Переписка между аббатом Калю и Мишель, переписка, которая могла бы предотвратить или хотя бы отсрочить немало бед, прервалась на третьем же послании: Мишель имела неосторожность вручить письмо для отправки своей соученице из приходящих, потому что, естественно, не могла сдержать своих чувств и писала только Жану, хотя на конверте стоял адрес аббата. Письмо перехватили монахини и вручили его Бригитте Пиан, которая сама рассказала мне об этом происшествии, причем даже не особенно винила Мишель.
— Это священник ввел ее в искушение, — говорила она. — Я в этом ни минуты не сомневаюсь и, хотя случай из ряда вон выходящий, я вымолила прощение твоей сестре; должна признать, настоятельница проявила подлинное великодушие. А дело аббата Калю пухнет с каждым днем, — добавила она с чувством невольной радости, — и как раз это письмо будет главным обвинительным документом...
Итак, она уже дошла до того, что стала думать при мне вслух. Любила ли она меня? Долгое время я был уверен, что в моем лице она лелеет и холит живое доказательство греха первой мадам Пиан. Но теперь я склонен считать, что она питала в отношении меня ту привязанность, на какую только была способна, и что я в какой-то мере затрагивал ее материнский инстинкт, который заложен в лоне даже самых бесчувственных женщин.
XI
В те два года мое существование было теснейшим образом связано с Бригиттой Пиан. Наши спальни разделяла только маленькая гостиная, где она работала и принимала посетителей. Дверь почти никогда не запиралась, мачеха захлопывала ее лишь в тех случаях, когда в гостиную кто-нибудь входил. Но стоило ей чуть поднять голос — а голос у нее от природы был зычный, — и я без труда слышал все разговоры, особенно зимой, когда не раскрывали окон и с Интендантского бульвара до нас доходил только глухой шум.

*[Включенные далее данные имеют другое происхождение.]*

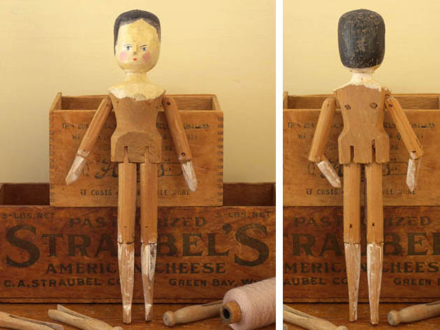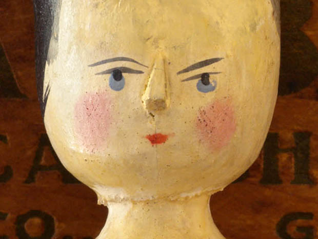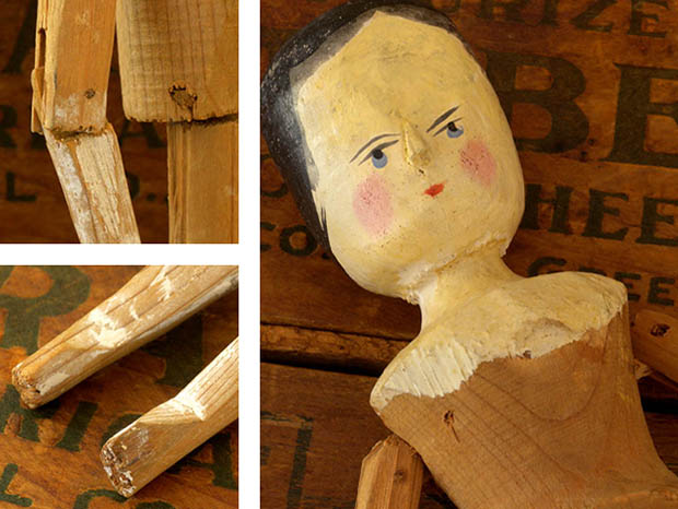 アメリカでおそらく1900年代に製作されたウッデン(木)製のリトルガール・ウッデンペグドールです。Peg Doll(ペグドール)はイタリアの南チロル地方のヴァル・ガルデーナの町で作られた木製のドールが始まりのようですが、その後ドイツやオランダやアメリカで多く製作されたようです。また、Peg Doll(ペグドール)の名前はClothespeg(クロスペグ/洗濯バサミ)のペグから付けられたようです。また、初期の頃のペグドールは木製の洗濯バサミの側面に穴を空けて腕になる木の棒を差し込んだだけのものでしたが、その後にお顔の彩色がされ腕や脚はジョイントで動かせるようになったようです。また、ペグドールは衣服を着せられていない状態で販売されていたようなのでチャイルド達は布切れから自分でドレスを作ったようです。また、ペグドールはPenny Doll(ペニードール)とも呼ばれていますが、これは1ポンドの100分の1のペニー(1セント)の価格のドールのことのようです。また、ペグドールは当時は高価なビスクドールが買えない庶民のチャイルド達のドールでしたが、今では世界中で人気が高くてとても高価なドールになっているようです。こちらは超レアなリトルガールのペグドールで、彩色された黒髪と肌色に彩色されたお顔のつぶらな灰色がかったブルーの瞳と小さな赤い口元で優しく微笑んでいるような表情がオシャレで可愛くてとてもいい感じです。また、健康そうなピンクのほっぺも可愛いですが、小さなお鼻は彩色ではなく立体で作られています。また、首と胸元も肌色で彩色されていて肘から下の腕と膝から下の脚はホワイトで彩色されていますが、その他は彩色されていなく飴色になった木肌がとてもいいですね。また、足の先端はピンクの靴を履いているように彩色されています。また、頭は固定されていて胴体と腕と肘と脚と膝が全て木材でジョイントされているのでいろんなポーズが楽しめるのが嬉しいです。ペグドールは衣服を着せられていない状態で販売されていたので可愛いドレスを作ってあげても楽しいですね。優しそうなつぶらな灰色がかったブルーの瞳に見つめられているだけでどんどんとペグドールの世界へ引きずり込まれて行ってしまいそうな超レアな大変価値ある一品です。

Когда я узнавал голос господина Пюибаро, я нередко, хотя и не всегда, под каким-нибудь предлогом выходил из своей комнаты поздороваться с ним, но гораздо чаще он заглядывал ко мне, чтобы перед уходом меня поцеловать. Мое обращение с ним изменилось одновременно с тем, как изменилось его положение в свете. Этот бедный, тощий человек в дешевеньком пальтишке, плохо защищавшем от холода, купленном в магазине готового платья, в нечищеных ботинках не мог внушить мне того чувства уважения, какое внушал своему любимчику классный наставник, облаченный в добротный сюртук.
Справедливости ради добавлю, что вид его возбуждал во мне жалость или по крайней мере ощущение какой-то неловкости, которое мы испытываем при виде нашего нищенствующего брата и которое мы привыкли считать жалостью. Но когда я размышлял о несчастьях, выпавших на долю господина Пюибаро, признаюсь, я в какой-то мере разделял отношение к нему Бригитты Пиан и чуточку презирал его за то, что он мог поддаться искушению, смысл коего был мне еще не ясен, но уже и тогда я склонен был относиться к таким вещам с гадливостью и подозрением. Возможно, я не испытывал бы такой брезгливости к явным признакам падения, если бы в моих глазах они не были связаны с вопросами высшего порядка и если бы господин Пюибаро, женившись на Октавии, не отказался от своего положения лица полудуховного звания добровольно. Впрочем, тогдашняя моя точка зрения мало в чем изменилась: до сих пор я считаю, что все наши беды идут оттого, что мы не способны сохранить свою чистоту и что человечество, храня чистоту, избежало бы множества несчастий, гнетущих нас (даже тех, которые внешне не имеют прямого отношения к плотским страстям). Лишь очень малое число людей дало мне подлинное представление о благах любви и добра, и это были именно те, которые умели властвовать над своим сердцем и биением своей крови.